Со звонками она очень быстро управилась – пять минут ушло на оба разговора, не больше. Только ничего хорошего: Никитина оказалась больна, а Гуревич не мог завтра дежурить из-за каких-то домашних дел. Оставалось звонить Верочке, но ей звонить Дора Матвеевна сейчас не могла: так получилось, что, прежде чем ее теперь приглашать, надо сначала специально договариваться с Главным, тем более что из-за Людмилиных дел завтра дежурил Савичев, а именно с Савичевым у Верочки в прошлом месяце произошел на дежурстве конфликт. И Савичев сказал после этого, что, если его еще раз поставят дежурить с Квасницкой, он тотчас подаст заявление об уходе. А Главный сказал Доре Матвеевне, чтобы она – без всяких дополнительных объяснений – с этим требованием Савичева считалась.
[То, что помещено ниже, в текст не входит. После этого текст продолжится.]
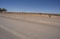 A stunning landscape in South Africa, featuring an endless road that stretches into the horizon. Beige-colored dirt and gravel road surface blends with the surrounding desert. Clear sky with tints and shades of blue. Nature and vegetation add a touch of life to the barren plain.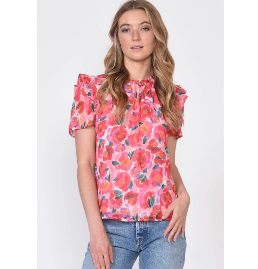 A romantic, breezy floral print blouse is designed with ruffle details along shoulders and neckline. Fully lined.
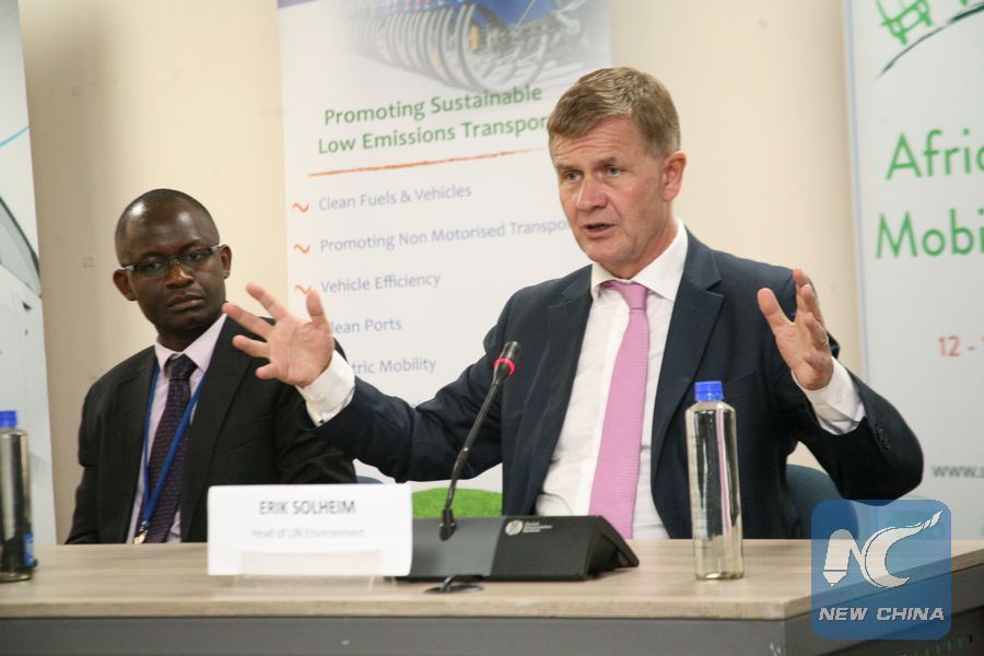 Erik Solheim (R), Head of United Nations Environment addresses journalists on the sidelines of Africa Clean Mobility Week Conference in Nairobi, capital of Kenya, March 14, 2018. (Xinhua/Charles Onyango)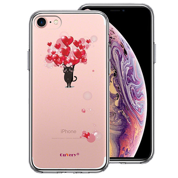 iPhone7 ケース ハードケース ハイブリッド クリア 猫 ネコ にゃんこ ハート いっぱい 黒猫 アイフォン カバー スマホケース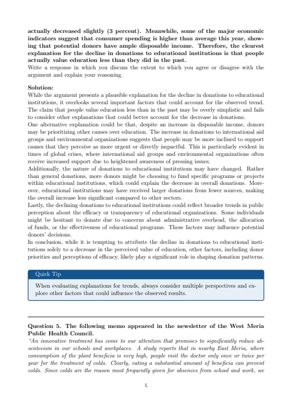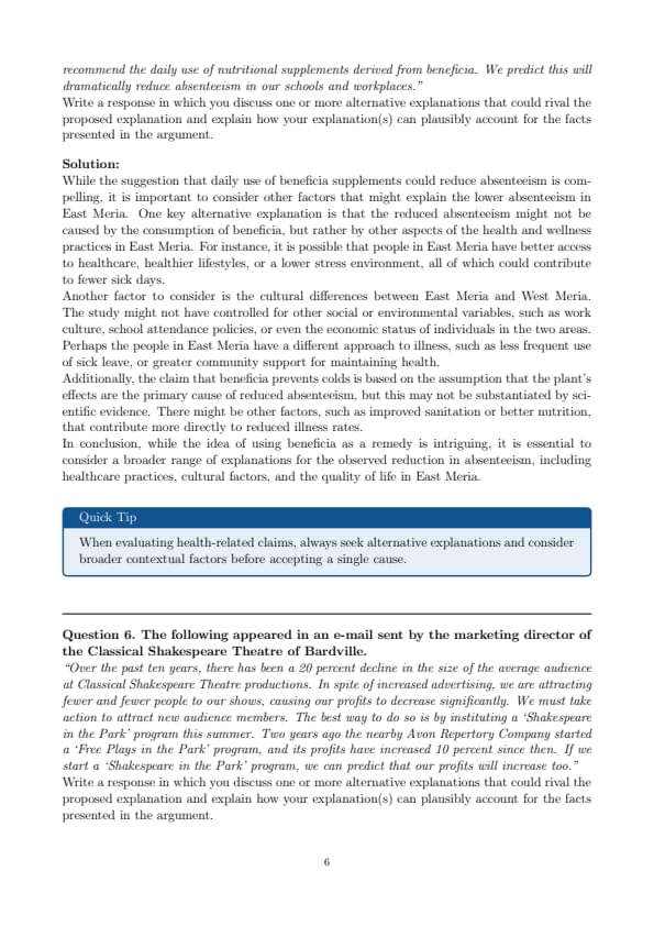 “An innovative treatment has come to our attention that promises to significantly reduce absenteeism in our schools and workplaces. A study reports that in nearby East Meria, where consumption of the plant beneficia is very high, people visit the doctor only once or twice per year for the treatment of colds. Clearly, eating a substantial amount of beneficia can prevent colds. Since colds are the reason most frequently given for absences from school and work, we recommend the daily use of nutritional supplements derived from beneficia. We predict this will dramatically reduce absenteeism in our schools and workplaces.”

Пока Зубова шла от телефона в родблок на второй этаж, она просто даже закипела: вот всегда так получается, если хочешь кому-то удружить, потом сама первая оказываешься в дураках – так сейчас с этой перестановкой Людмилиной, так и раньше с Верочкиными дежурствами… На Верочкины пассажи, что это она своей Тусе одолжение делает, Зубова внимания не обращала. Есть такая дружба – знаешь человеку цену, знаешь, когда он тебе врет, а все равно с ним дружишь, потому что жизнь вместе прожита и человек этот просто уже часть тебя самой. И что Верочка могла сдуру и нахамить Савичеву, Дора Матвеевна понимала самым отличным образом, но вот только одного она не могла понять: почему Савичев так уж категорически завелся, а Главный так категорически его поддержал? Ведь Верочка, хоть в ней и восемьдесят восемь килограммов теперь, и она теперь немного распустеха, как-никак она все-таки женщина, и несчастная, – это все знали. И кроме того, она в смене была первой, должны же были у Савичева проявиться и галантность какая-то, и сострадание, и просто субординация. И уж для Главного субординация должна что-то значить: совсем не обязательно было Савичеву потакать.